Articles Tagged with pcg

JP Morgan-Chase (“JPMC”) has settled a class action lawsuit brought by male employees who alleged they were denied being provided benefits on equivalent terms as female employees, under JPMC’s primary caregiver (“PCG”) policy.  The male plaintiffs in this sex discrimination lawsuit claimed that JPMC treated them differently from their female coworkers between 2011 and 2017, when they were denied the sixteen weeks of parental leave their female coworkers were provided following the birth of their children and instead limiting them to two weeks of parental leave as “secondary caregivers.”  The terms of the settlement require that JPMC establish a five million-dollar ($5,000,000) compensation fund to compensate the class of male primary caregivers, comprising nearly 5,000 fathers.

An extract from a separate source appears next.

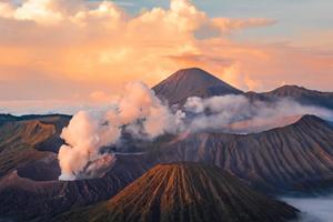日出即将升起,云雾开始弥漫,火山喷着烟雾

The settlement has been jointly presented to Federal Magistrate Judge Michael R. Barrett, of the United States District Court of Ohio, Southern District, for court approval.

Derek Rotondo, the named plaintiff in the lawsuit against JPMC, initiated the suit in 2017 when he was denied status as a primary caregiver. Rotondo alleged that he was told by the company that the mother was the presumptive primary caregiver. As a result, Rotondo was denied the sixteen weeks of leave he sought and should have received as his child’s primary caregiver, and instead was given only two weeks of leave. Shortly after being denied the time he should have been awarded as a primary caregiver, Rotondo filed a complaint with the Equal Employment Opportunity Commission (“EEOC”) against JPMC, alleging that this denial of primary caregiver status and thus denial of fourteen (14) weeks of parental leave constituted unlawful gender discrimination in violation of Title VII. JPMC soon after reversed course and granted Rotondo the full sixteen (16) weeks to which he was entitled.

While the federal Family and Medical Leave Act (“FMLA”) provides fathers and mothers with the same rights for job protected leave to bond with newborn children or newly adopted children, some companies offer greater job protection or even paid leave to their employees in excess of what is required under Federal law. When an employer offers such additional rights to leave or job protection, these rights must be extended to their employees without reference to or distinction based on that employee’s gender. The issues raised in this lawsuit illustrate the importance for employers to ensure that they treat all employees, regardless of their sex, in the same manner and provide them with the same benefits and privileges of employment.